_Saved data entries_.
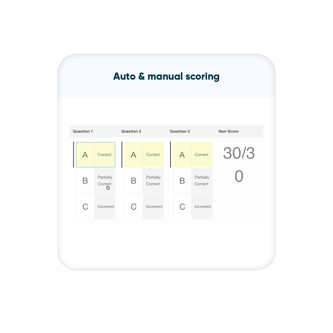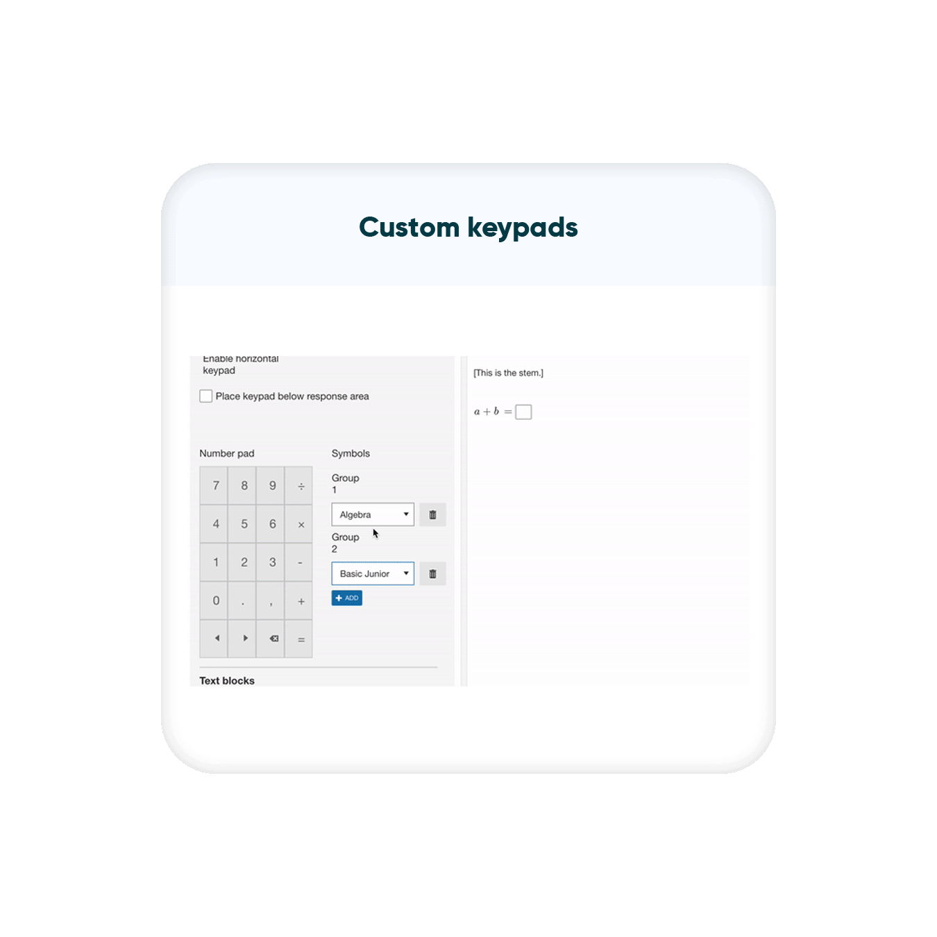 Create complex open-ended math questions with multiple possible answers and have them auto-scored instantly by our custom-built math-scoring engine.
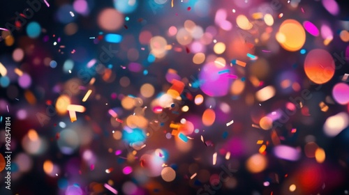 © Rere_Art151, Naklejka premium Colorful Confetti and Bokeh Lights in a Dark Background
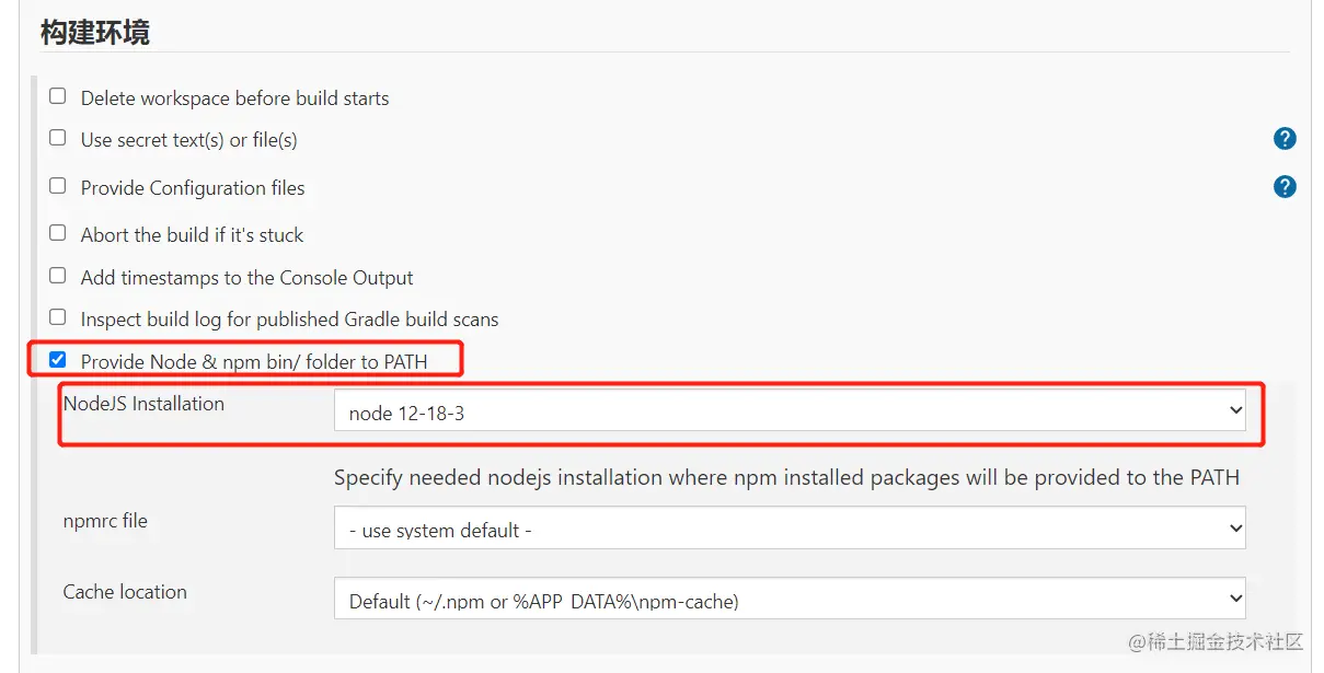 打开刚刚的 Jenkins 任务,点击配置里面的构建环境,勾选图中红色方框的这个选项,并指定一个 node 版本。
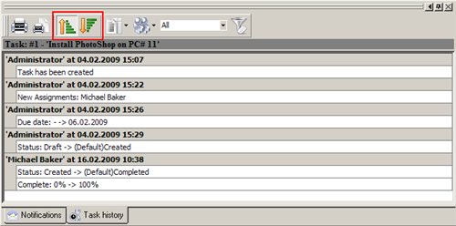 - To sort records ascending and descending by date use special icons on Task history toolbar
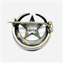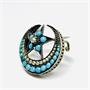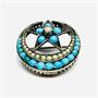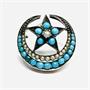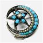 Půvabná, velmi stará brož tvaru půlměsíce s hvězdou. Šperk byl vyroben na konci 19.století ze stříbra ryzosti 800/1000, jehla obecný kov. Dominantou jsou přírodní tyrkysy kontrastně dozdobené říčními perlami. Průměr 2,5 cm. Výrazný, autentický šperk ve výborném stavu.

---

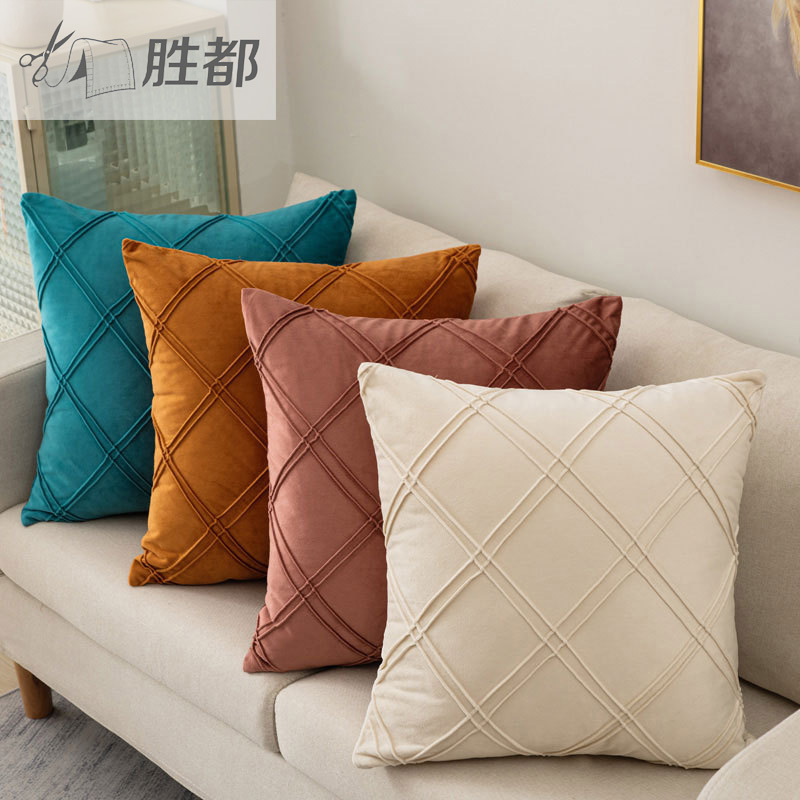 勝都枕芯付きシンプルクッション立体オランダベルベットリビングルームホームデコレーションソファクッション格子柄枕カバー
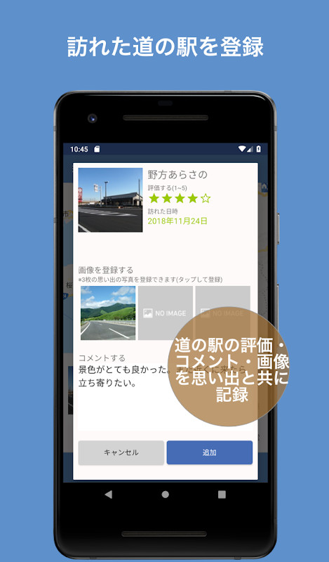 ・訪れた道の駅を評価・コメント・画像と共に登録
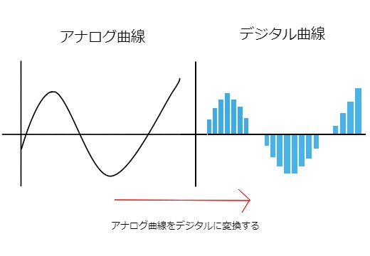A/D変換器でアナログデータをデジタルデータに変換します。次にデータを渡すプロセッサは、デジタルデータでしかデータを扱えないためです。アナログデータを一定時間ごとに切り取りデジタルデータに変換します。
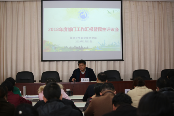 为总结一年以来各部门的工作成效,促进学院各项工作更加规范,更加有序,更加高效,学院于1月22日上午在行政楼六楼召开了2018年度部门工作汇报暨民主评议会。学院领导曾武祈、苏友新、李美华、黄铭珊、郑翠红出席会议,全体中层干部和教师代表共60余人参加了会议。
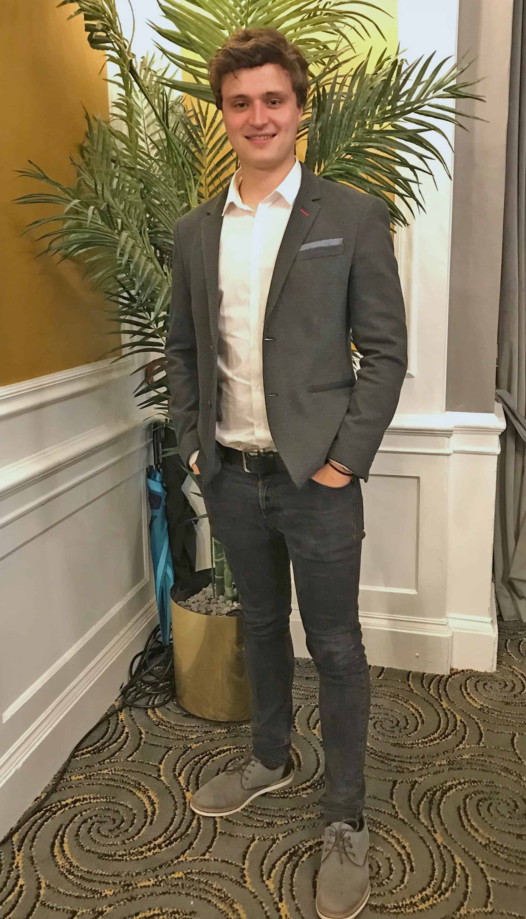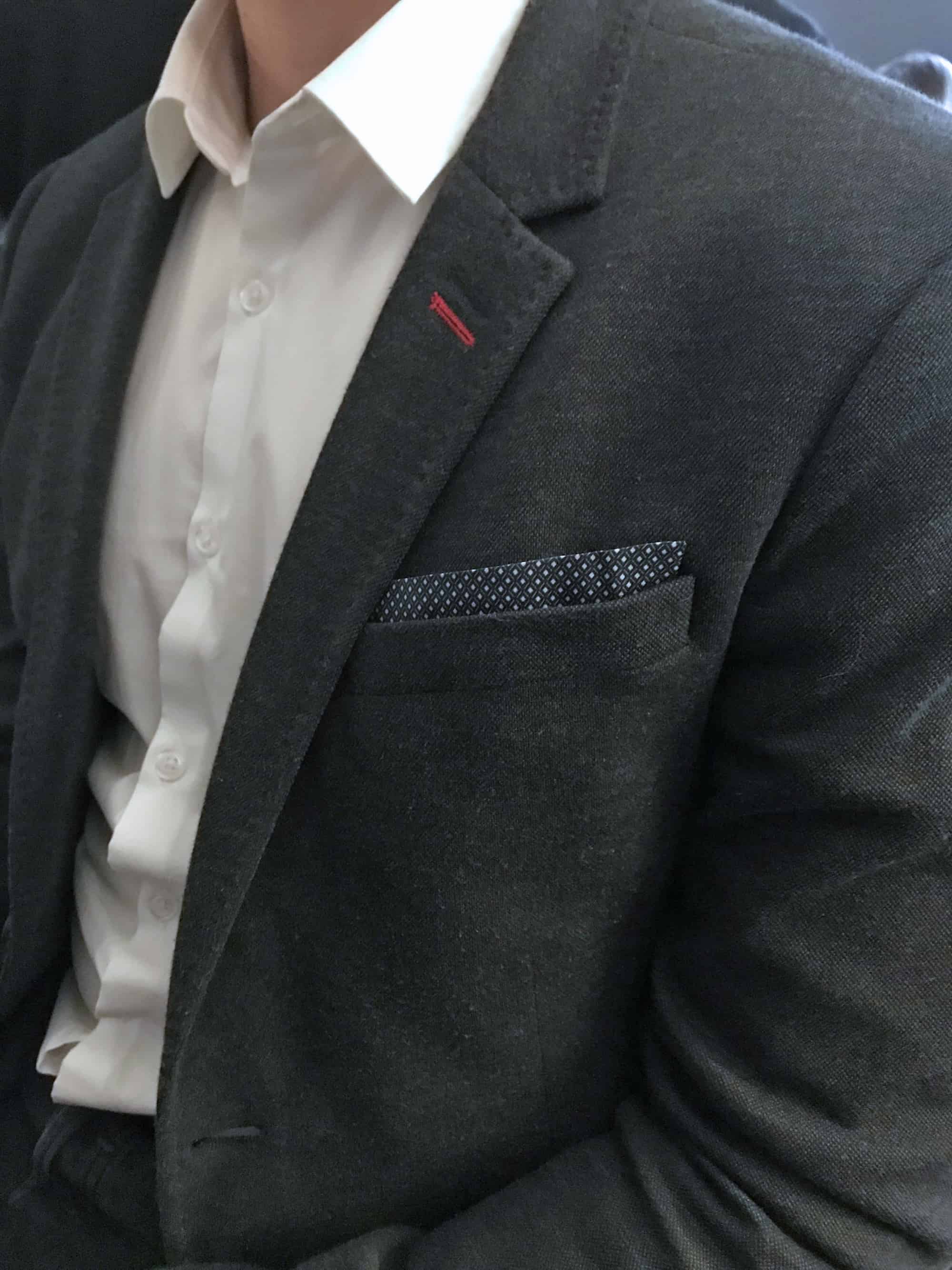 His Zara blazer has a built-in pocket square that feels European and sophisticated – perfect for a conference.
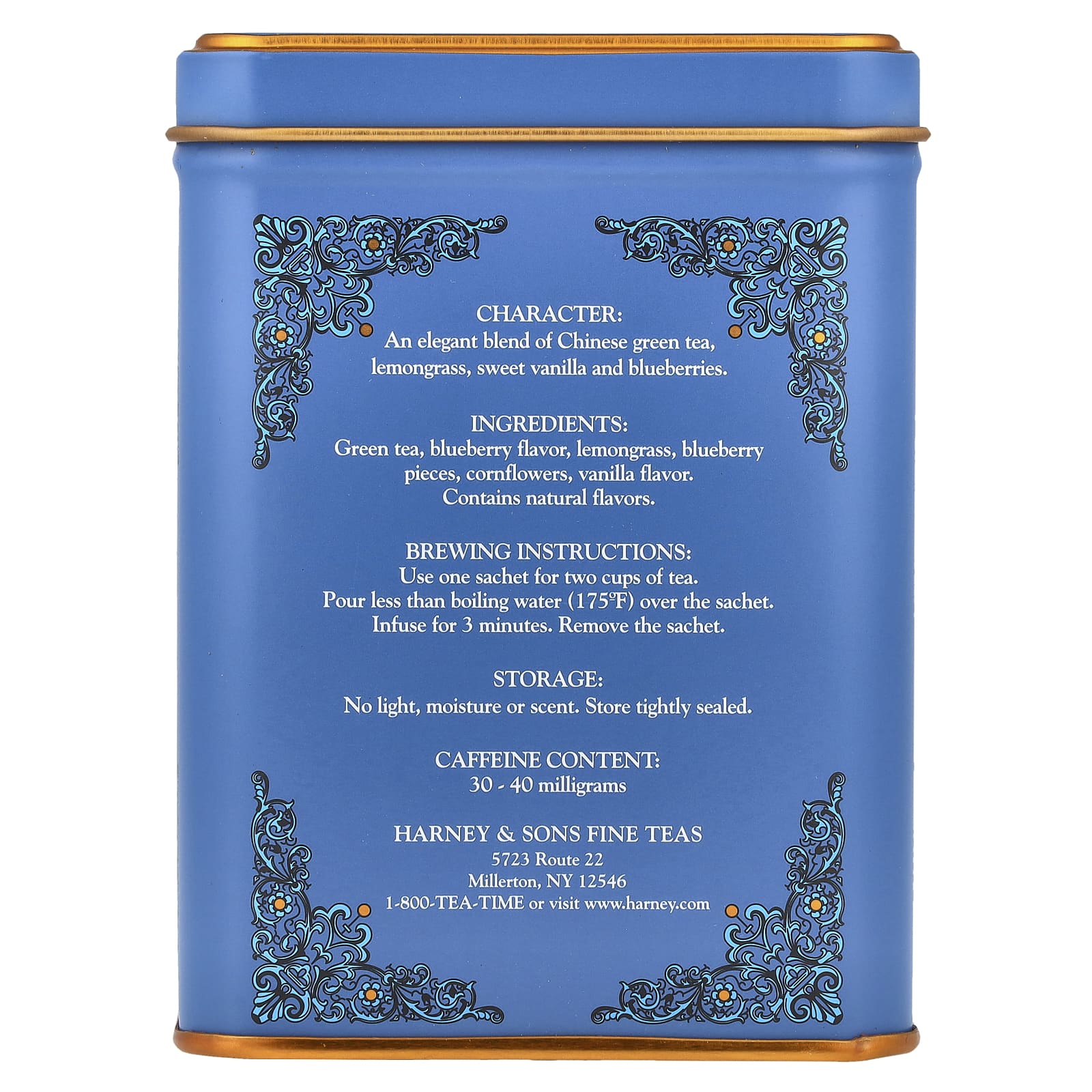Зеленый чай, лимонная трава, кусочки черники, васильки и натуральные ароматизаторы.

_TASK REQUIREMENTS_.
Exactly the lines above, from the one containing "His Zara blazer" down to the one containing "Зеленый чай, лимонная", are to be repeated, including both ends. Pictures are not part of the copy.

_TASK RESULT_.
 His Zara blazer has a built-in pocket square that feels European and sophisticated – perfect for a conference.
Зеленый чай, лимонная трава, кусочки черники, васильки и натуральные ароматизаторы.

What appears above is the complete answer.